К одной из них Дягилев был менее отзывчив — к поэзии; вернее сказать, он относился безразлично к поэтам нового века, вдохновителям нашего стихотворного модернизма (оставаясь всю жизнь нераздельно верен культу Пушкина). Стихов почти не печаталось в «Мире искусства», несмотря на таких поэтов-друзей редакции, как Федор Сологуб, Зинаида Гиппиус, Бальмонт, Брюсов. Между тем «Аполлон» главное внимание сосредоточил именно на поэзии, его родоначальниками явились не столько живописцы, сколько поэты-новаторы; лишь благодаря им и мог журнал обрести свой лик. Сам Дягилев не был ни в какой степени поэтом (так же, как еще более тугой на ухо, в этом смысле, Философов, ведавший однако литературным отделом «Мира искусства»), не имел большой склонности к писательству вообще, хотя писал хлесткие, точно формулирующие мысль статьи, когда этого требовало дело.
Зато в отношении искусства изобразительного он проявлял энергию, трудоспособность, вкус поистине беспримерные. Принявшись за изучение русской живописи, он сделался как-то по наитию открывателем ее пренебреженных сокровищ. Служба в Мариинском театре не помешала ему заняться всерьез регистрированием произведений лучших мастеров возлюбленного им восемнадцатого века и вскоре, после кропотливых изысканий в библиотеках и архивах, он выпустил монументальный труд — иллюстрированную монографию о Левицком.

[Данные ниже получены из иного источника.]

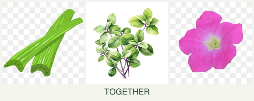 - Resource Competition: Celery’s high water and nutrient needs may compete with oregano and petunias.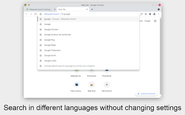 从地址栏和上下文菜单中搜索每种语言的维基百科。

Книга была издана образцово-изысканно (красивее никогда, кажется, не издавали у нас): более шестидесяти портретов hors texte гелиогравюрой и около сорока в Приложении, с краткими биографиями изображенных лиц. Этим трудом Дягилев положил начало истории русской живописи как эрудит-энтузиаст и вдобавок знаток книжной роскоши.
После «Левицкого» проектировались еще два тома, с Боровиковским, Рокотовым, Шибановым, Щукиным, Щедриным и др. Но молодому автору не хватило (несмотря на Уваровскую премию Академии Наук) писательской выдержки для выполнения замысла, на «Левицком» и оборвалось издание. Да и жизнь толкала неугомонную организаторскую волю Дягилева всё на новые и новые художественные предприятия. Еще до прекращения «Мира искусства» (журнала), он принялся за осуществление грандиозной «Исторической выставки русских портретов (1705–1905 гг.)».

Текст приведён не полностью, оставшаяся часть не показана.